DIRECTIONS:
Only the lines in the entries below from the line with "研究所介绍环节中,水资源保护" to the line with "8月2日,游客在寧夏中衛市沙坡頭景區體驗羊皮筏子漂流。", both included, belong in the answer, transcribed exactly and without pictures.

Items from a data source
BEGIN
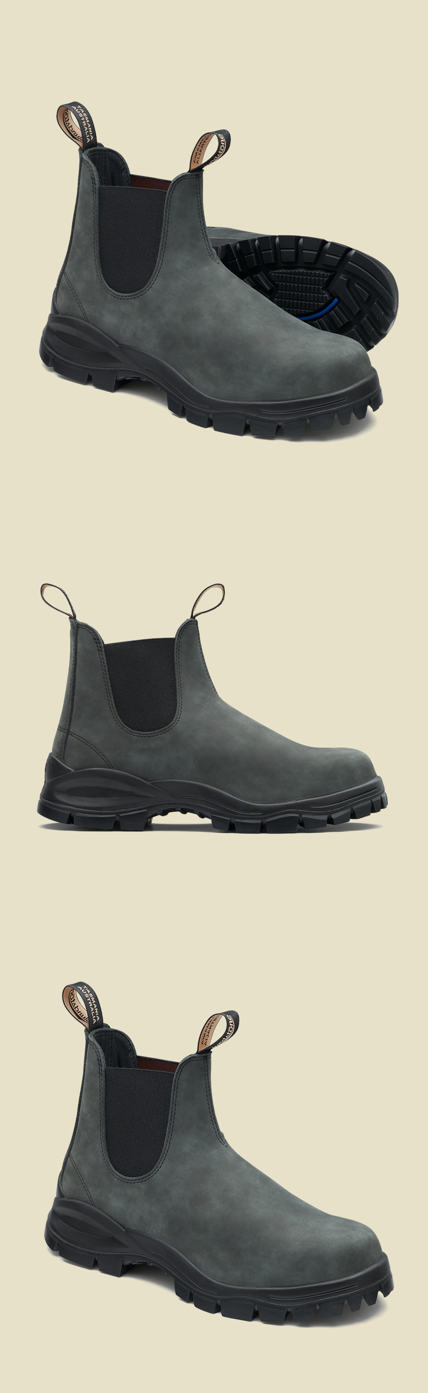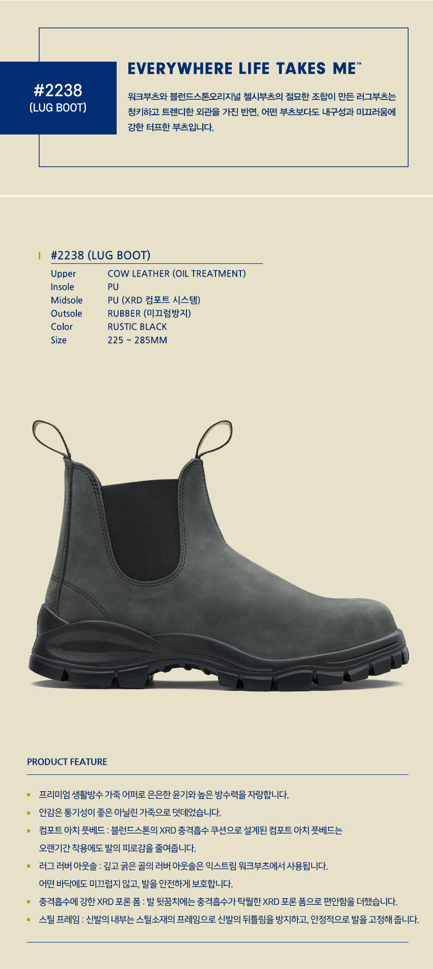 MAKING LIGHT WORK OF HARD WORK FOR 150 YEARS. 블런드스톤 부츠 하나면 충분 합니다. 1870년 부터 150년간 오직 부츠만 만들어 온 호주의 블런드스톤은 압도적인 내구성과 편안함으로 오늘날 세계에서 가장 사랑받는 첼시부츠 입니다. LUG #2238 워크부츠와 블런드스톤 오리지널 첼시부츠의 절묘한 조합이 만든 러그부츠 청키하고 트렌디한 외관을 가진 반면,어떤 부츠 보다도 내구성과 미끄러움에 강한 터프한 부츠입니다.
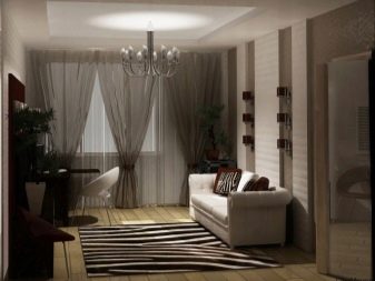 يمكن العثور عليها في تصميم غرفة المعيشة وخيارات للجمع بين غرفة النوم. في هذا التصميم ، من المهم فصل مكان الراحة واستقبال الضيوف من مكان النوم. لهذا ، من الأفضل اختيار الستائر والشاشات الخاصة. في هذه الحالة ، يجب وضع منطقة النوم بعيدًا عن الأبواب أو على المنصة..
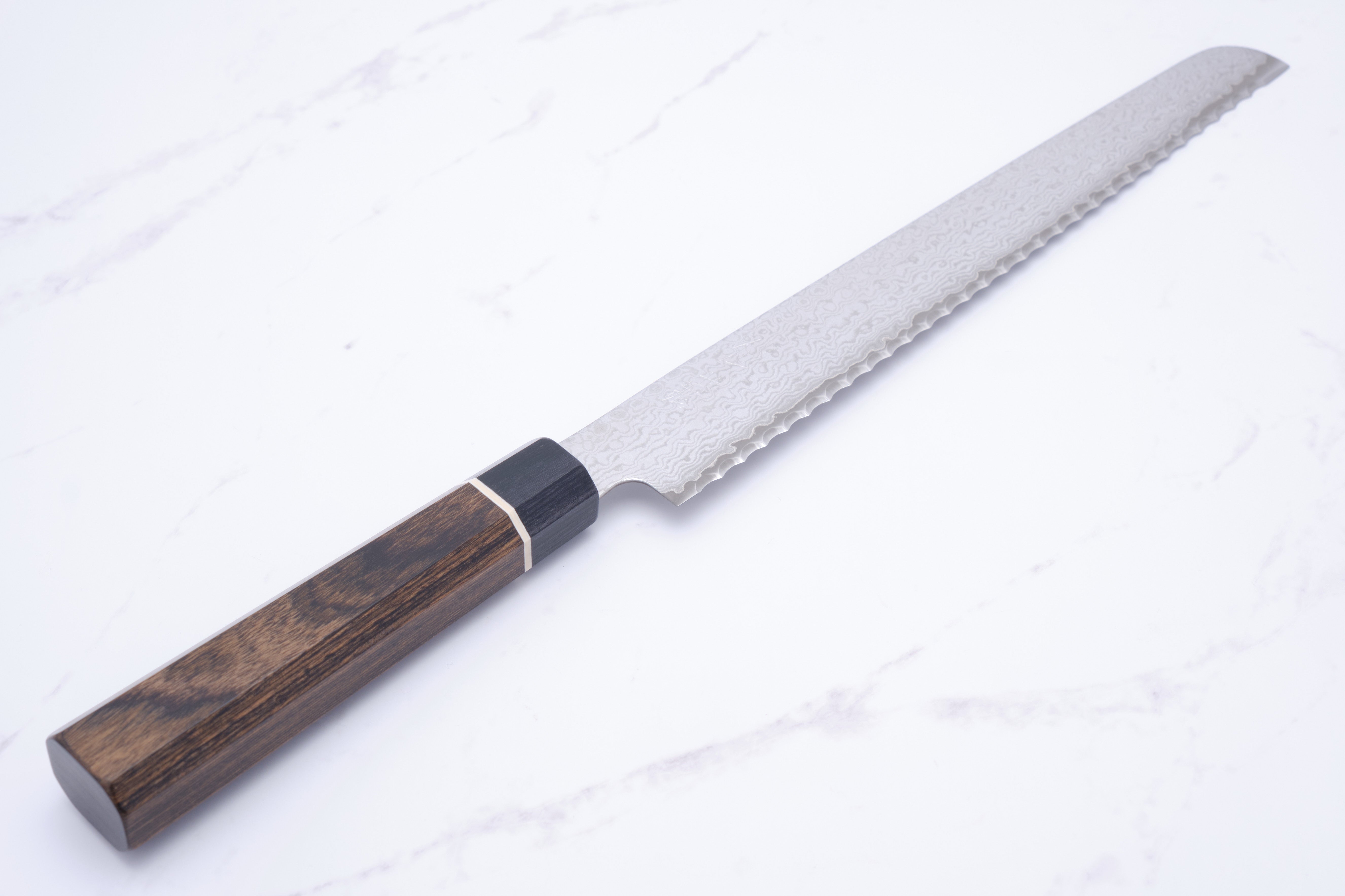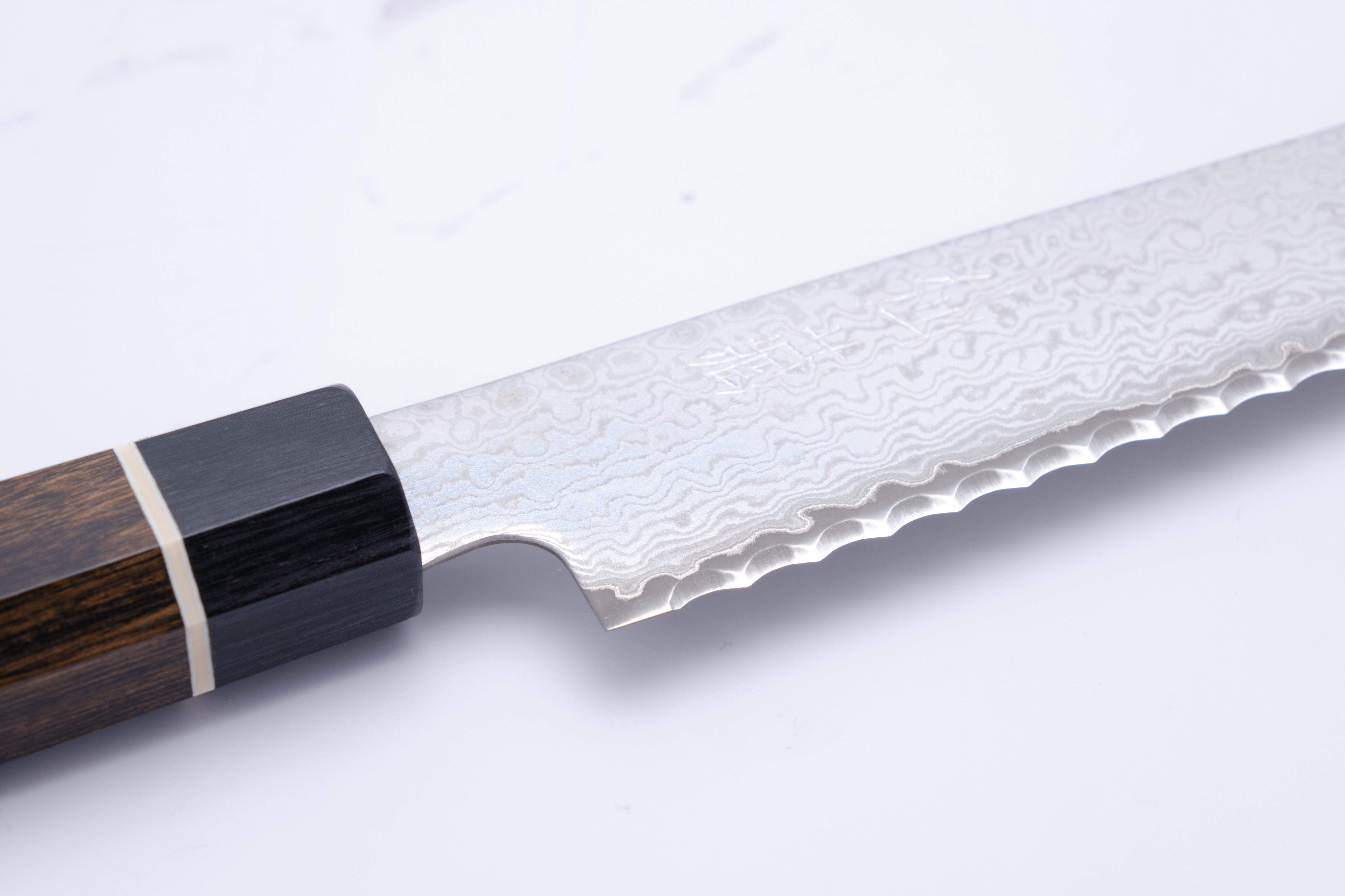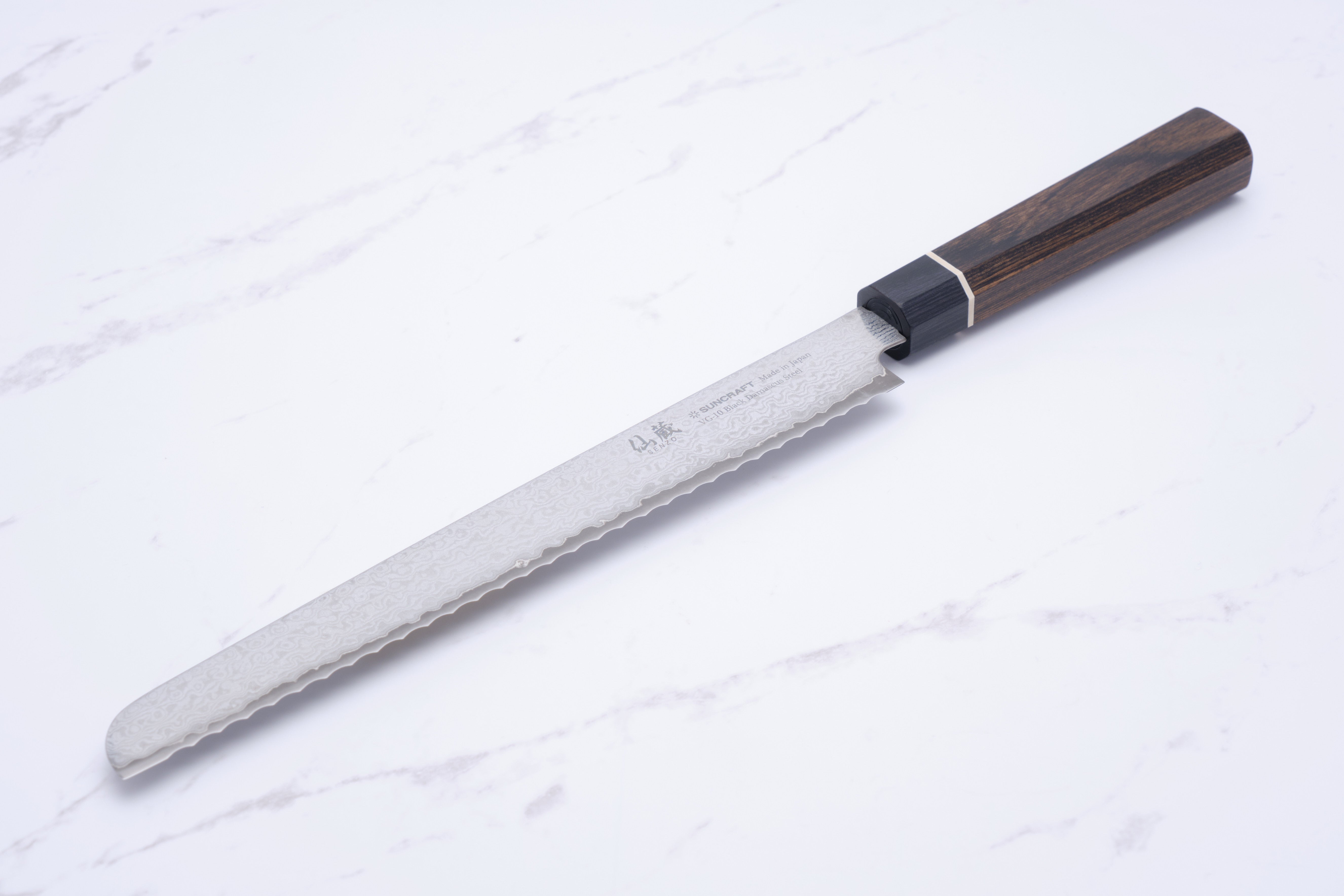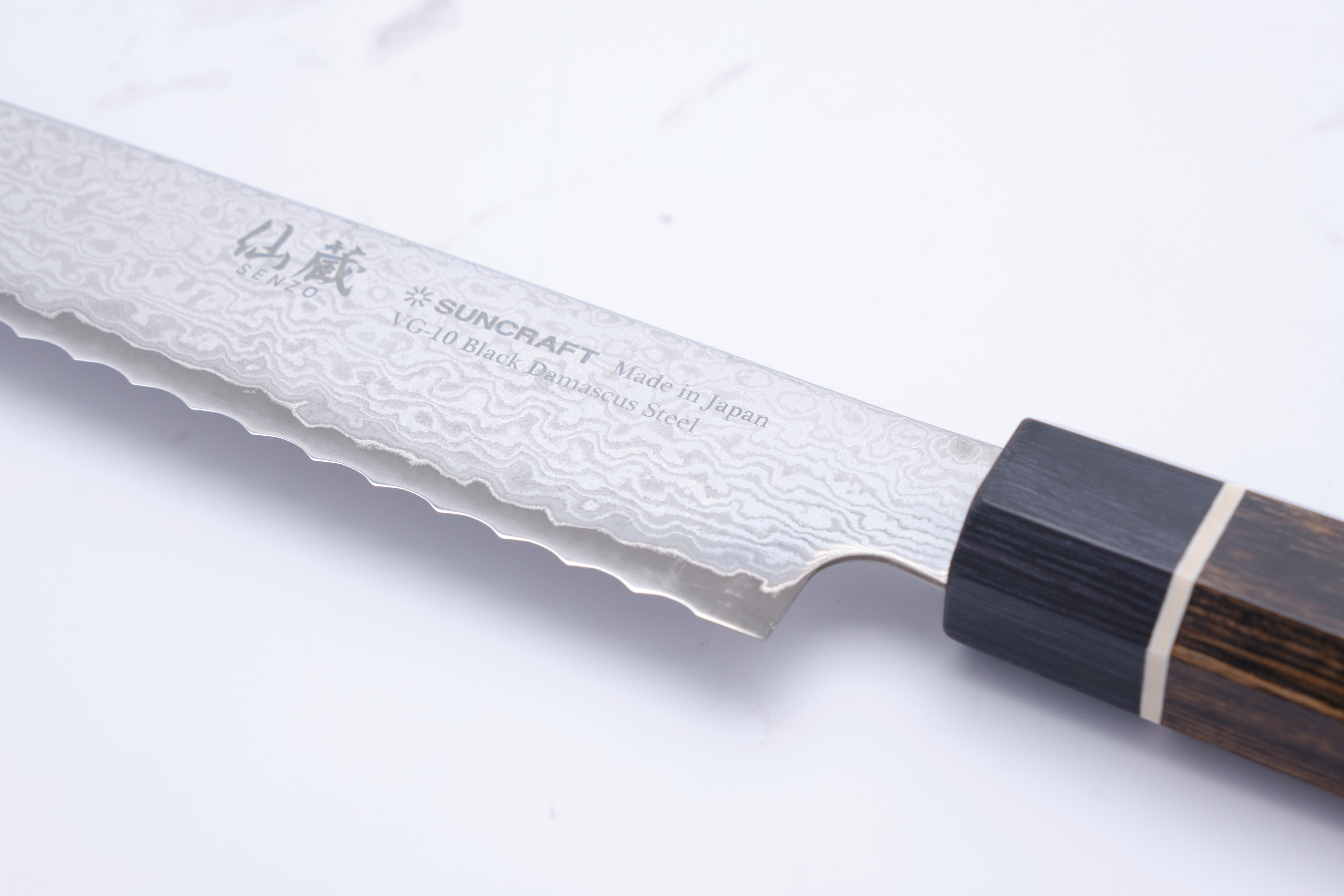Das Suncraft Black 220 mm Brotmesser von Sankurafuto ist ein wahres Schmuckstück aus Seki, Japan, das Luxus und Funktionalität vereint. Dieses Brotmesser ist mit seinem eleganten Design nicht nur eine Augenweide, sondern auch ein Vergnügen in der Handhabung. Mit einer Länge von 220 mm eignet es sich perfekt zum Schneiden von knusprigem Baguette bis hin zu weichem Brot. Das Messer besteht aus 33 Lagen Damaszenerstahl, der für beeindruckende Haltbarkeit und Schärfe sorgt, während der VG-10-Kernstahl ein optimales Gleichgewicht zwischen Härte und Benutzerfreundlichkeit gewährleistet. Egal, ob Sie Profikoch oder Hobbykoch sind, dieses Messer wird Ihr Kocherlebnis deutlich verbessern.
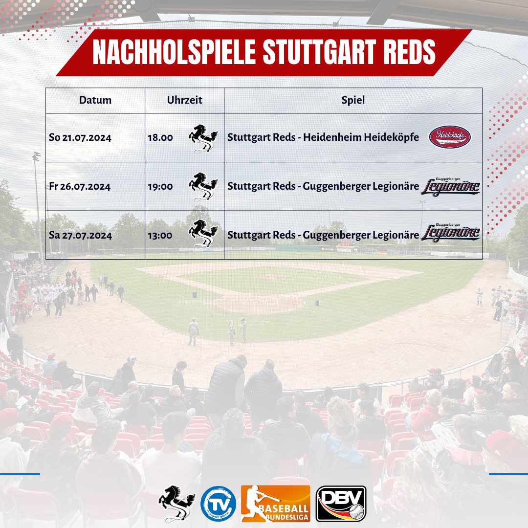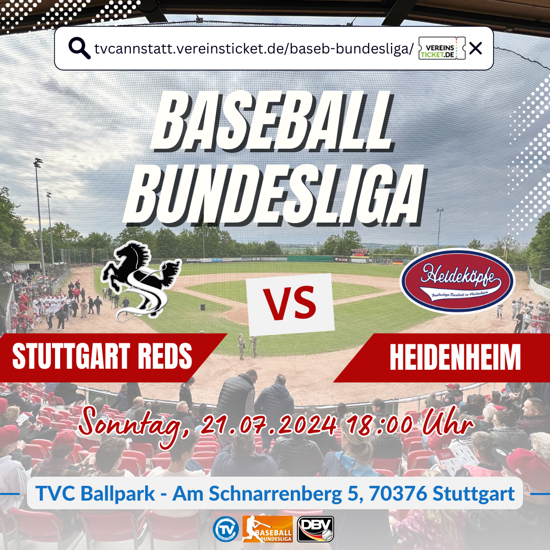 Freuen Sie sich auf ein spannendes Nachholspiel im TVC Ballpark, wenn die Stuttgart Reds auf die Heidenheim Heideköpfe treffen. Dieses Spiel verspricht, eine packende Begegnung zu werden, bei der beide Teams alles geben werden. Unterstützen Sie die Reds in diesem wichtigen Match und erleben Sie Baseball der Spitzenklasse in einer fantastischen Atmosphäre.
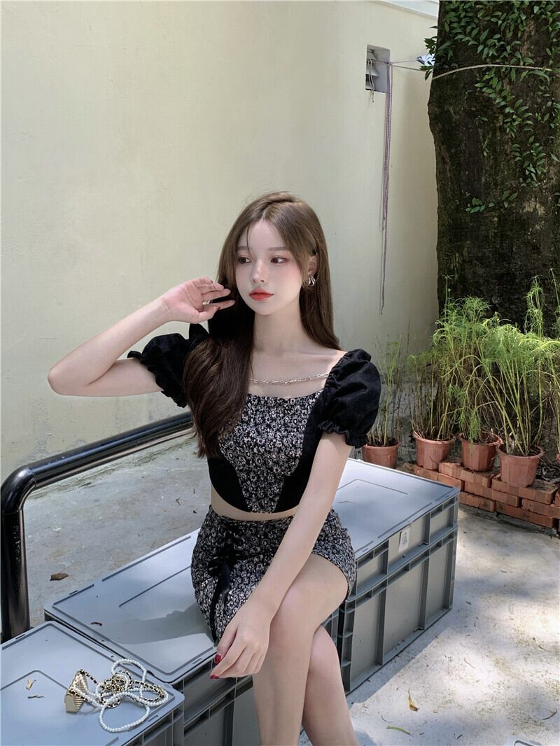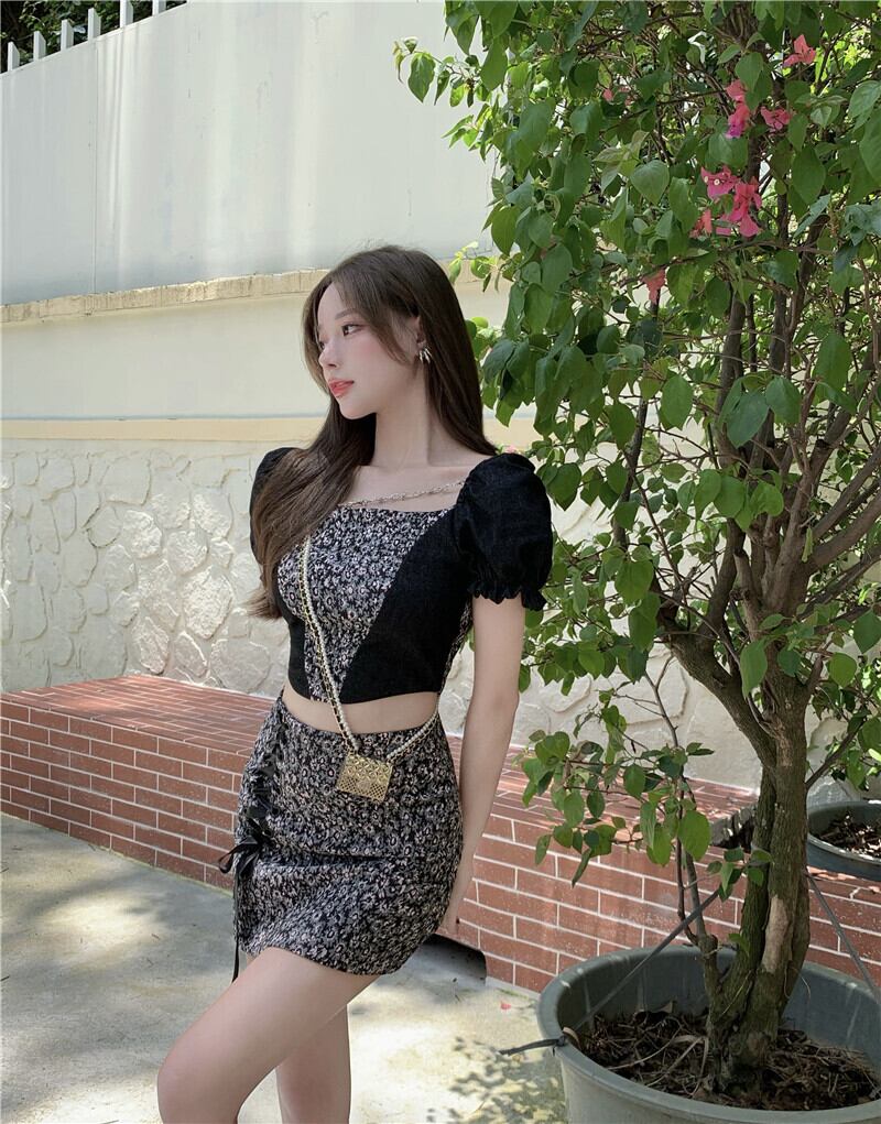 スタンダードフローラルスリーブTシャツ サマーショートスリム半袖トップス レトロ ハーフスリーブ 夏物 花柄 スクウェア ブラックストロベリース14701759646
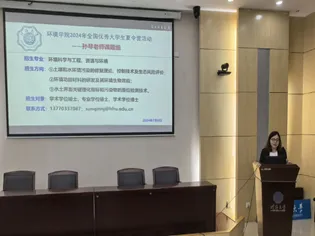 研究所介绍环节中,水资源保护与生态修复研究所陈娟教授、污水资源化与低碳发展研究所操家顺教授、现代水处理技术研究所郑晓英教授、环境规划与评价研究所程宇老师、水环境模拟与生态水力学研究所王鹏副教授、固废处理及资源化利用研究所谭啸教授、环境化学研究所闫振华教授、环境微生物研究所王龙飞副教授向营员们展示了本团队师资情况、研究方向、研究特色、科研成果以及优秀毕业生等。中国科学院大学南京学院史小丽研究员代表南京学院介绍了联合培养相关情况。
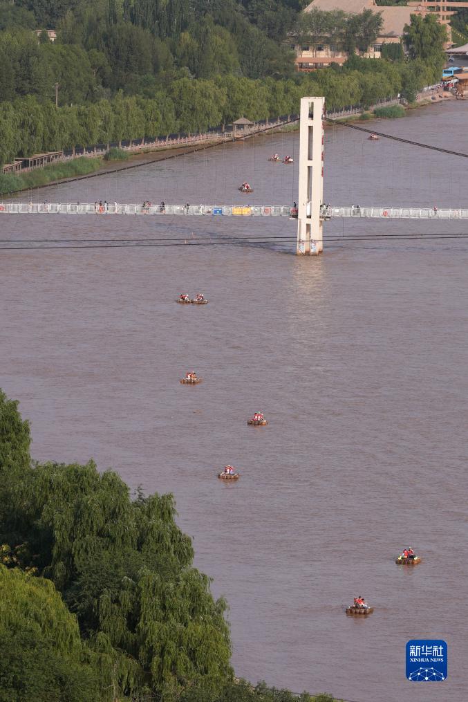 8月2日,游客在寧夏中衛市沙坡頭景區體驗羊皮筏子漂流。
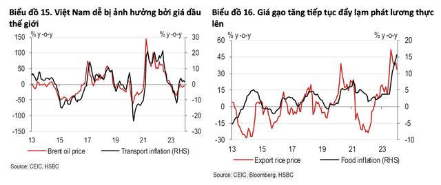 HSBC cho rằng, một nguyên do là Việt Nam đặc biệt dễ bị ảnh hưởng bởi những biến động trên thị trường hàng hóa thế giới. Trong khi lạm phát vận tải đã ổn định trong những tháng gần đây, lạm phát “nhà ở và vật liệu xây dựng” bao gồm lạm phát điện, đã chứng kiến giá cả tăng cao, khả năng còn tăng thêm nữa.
END
WRITTEN ANSWER:
 研究所介绍环节中,水资源保护与生态修复研究所陈娟教授、污水资源化与低碳发展研究所操家顺教授、现代水处理技术研究所郑晓英教授、环境规划与评价研究所程宇老师、水环境模拟与生态水力学研究所王鹏副教授、固废处理及资源化利用研究所谭啸教授、环境化学研究所闫振华教授、环境微生物研究所王龙飞副教授向营员们展示了本团队师资情况、研究方向、研究特色、科研成果以及优秀毕业生等。中国科学院大学南京学院史小丽研究员代表南京学院介绍了联合培养相关情况。
 8月2日,游客在寧夏中衛市沙坡頭景區體驗羊皮筏子漂流。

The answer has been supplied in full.